# OKUMA Stratus ST-65 Reel



## Armyguy (Oct 10, 2005)

Reel: Stratus ST-65
Store: Found at local "Dick's Sporting goods"
Price: $39.99
Bearings: 7 sealed ball bearings, ultra smooth +1 Total of 8 ball bearings. 
Ratio: 4:5:1
LBS/YDS 12/450, 15/340, 20/260


Description: I own two of these reels. Okuma Stratus ST-20 (for Freshwater) and ST-65(for Saltwater). Dick's sporting goods provide complimentary spool line for FREE with the purchase! It's smooth and great for fishing. Only reel with 8 bearing for only $39.99. I think the Dick's exclusively has a contract for this model. I highly recommend this reel. 

Today I stopped by the Basspro shop and the salesman offered me some crap for $50.00. He had 1 ball bearing Daiwa reel for $34.95 and $39.95. He had 4 ball bearing reel Penn reel for $49.99. He had 2 ball bearing reel Shakespeare for $39.99. They said they charge for spooling lines. He said you have to purchase over $100 for free line spooling. If you're looking for a great 8 bearing reel for a great price, check out the Dicks for the Okuma. 

Basspro did have good offers on Daiwa saltwater surf rods for $19.99 (7ft), $24.95 (10ft) and $29.99 (11,12ft).


----------



## Talapia (Apr 27, 2003)

Bass Pro has an off/on military discount 
program. It is on again right now. 

Always ask if they are offering it though
and check your receipts to make sure
you got the discount. They mess up 
sometimes. I love the Okuma coronada
reel myself.


----------



## CrawFish (Sep 23, 2003)

I'm not trying to get you spend lots of money on a reel, but you might want to consider the shimano stradic for the purpose of the okuma reel. The stradic costs alot more, but it's just a pleasure to fish with and it should last a lot longer than the okuma. Those okuma won't last you half a season on the salt water. Maybe it's jut me being too hard on my gears.


----------



## chris storrs (Aug 25, 2005)

i have several okumas.av 50,av 65,and tp 80.IMO they all suck and only got them b cuz they were at" bargain" price.i would get a diawa if i ever got another spinner,but that wont happen cuz im using all conventionals now,and will never go back


----------



## Talapia (Apr 27, 2003)

Got to respectfully disagree with you on that
one. I have had my Okuma Coronado 
going on 3 years now and it is as good as
the day I got it. I have had 2 Avengers
for 2 years and they are hard to beat *for
the price.* I do like the way those
Daiwa Hard Bodyz look though  

I would put the Coronado up against 
any reel in the $60 range out there.


----------



## Armyguy (Oct 10, 2005)

Okuma is awesome... An avid fishing store salesman recommended this reel to me... I used the Okuma 20 for freshwater all year.. and i even used it for saltwater.... Okuma is an up and coming name brand for a great price! I either spend $39.99 on an okuma or spend $200 on a high-end reel, but i would not waste my money on anything else... 

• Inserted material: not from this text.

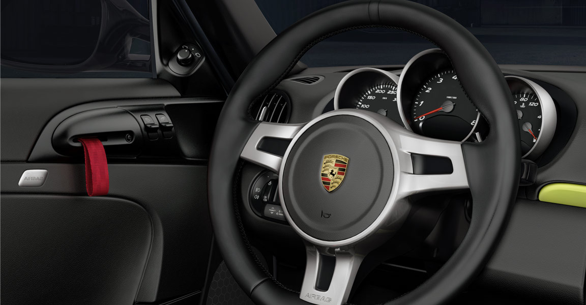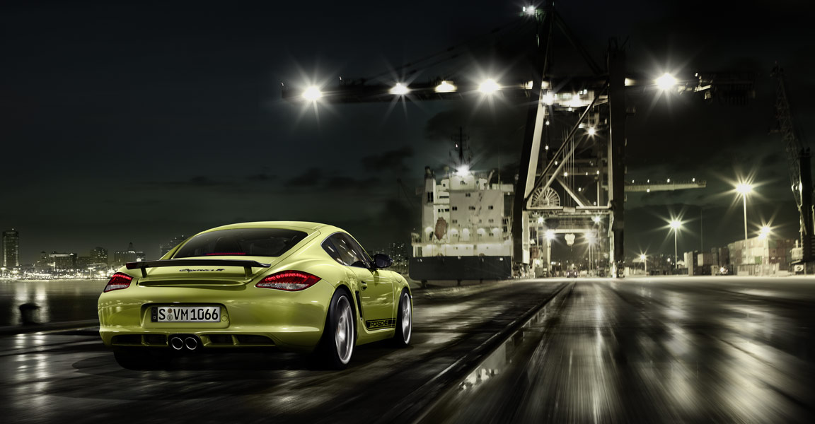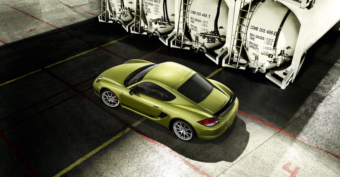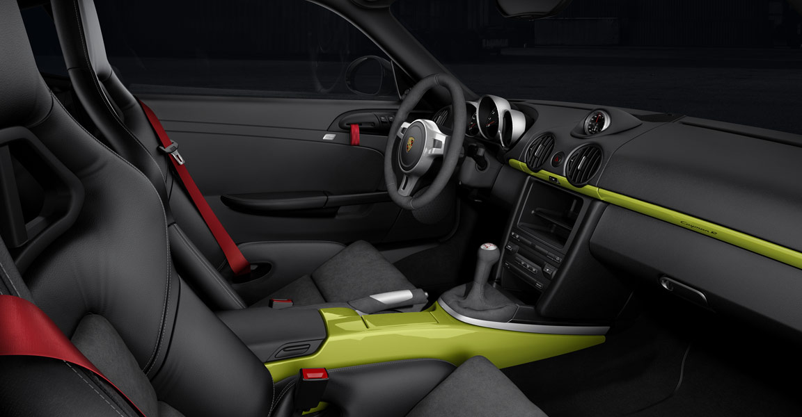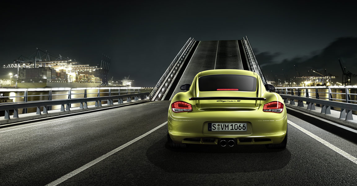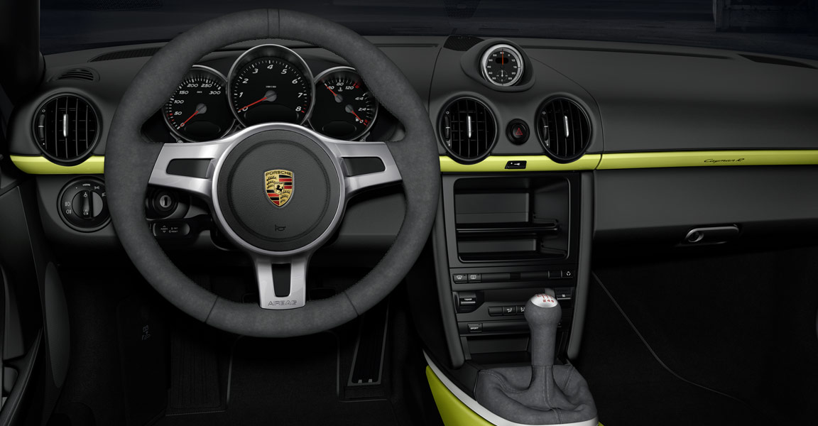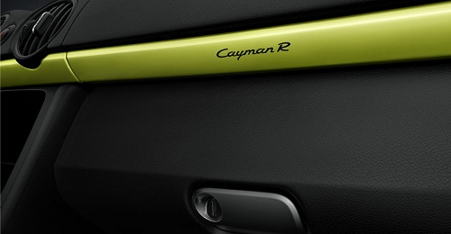 Al di là della colorazione verde acido, scelta per la presentazione mondiale e piuttosto inusuale, la nuova Porsche Cayman R si lascia riconoscere per i dettagli decorati in nero: il logo posteriore in rilievo, lo spoiler fisso, le decalcomanie applicate sulle pareti laterali della coupé sportiva, le calotte degli specchi retrovisori esterni e la cornice dei gruppi ottici anteriori. Lo so: a voi poco importa di queste frivolezze estetiche. Sotto il cofano, dite? Lo stesso motore 3,4 litri benzina, sei cilindri boxer, della versione Cayman S, con dieci cavalli aggiuntivi (totale? 330). La versione R della sportiva sarà equipaggiata con il cambio manuale a sei velocità o con quello automatico PDK a sette velocità. La nuova Porsche Cayman R raggiunge i cento chilometri orari in 5 secondi da ferma con cambio manuale (con PDK in 4,9 secondi o con pacchetto opzionale Sport Chrono in 4,7 secondi) e raggiunge la velocità massima di 282 chilometri orari (280 con cambio PDK). Il consumo? 9,7 litri ogni cento chilometri con trasmissione manuale e 9,3 litri ogni cento chilometri con cambio automatico.

I've personally used it, and i recommend it. It feels solid and very stable. Visit your local Dick's sporting good.. check them out yourself.

I only recommend OKUMA Stratus ST models... I guess AV sucks, but Okuma Stratus ST is a must on your next shopping. You can't find it anywhere except Dick's store.


----------



## Armyguy (Oct 10, 2005)

Talapia said:


> Bass Pro has an off/on military discount
> program. It is on again right now.
> 
> Always ask if they are offering it though
> ...


i asked if there were any "ANY" specials on fishing rod or reels... the salesman's response... "No" and he walked away.. haha.. I just stood there.. watching him walk away... 
I found an older gentleman.. he was a lot more helpful... There are some bone heads... i suggest avoiding younger kids..


----------



## brobert (Oct 18, 2005)

I have one of those reels , I bought along with an ugly stick for $50. 

Works perfect! I have no complaints .


----------



## NTKG (Aug 16, 2003)

chris storrs said:


> i have several okumas.av 50,av 65,and tp 80.IMO they all suck and only got them b cuz they were at" bargain" price.i would get a diawa if i ever got another spinner,but that wont happen cuz im using all conventionals now,and will never go back



yeahp thats says it all..


----------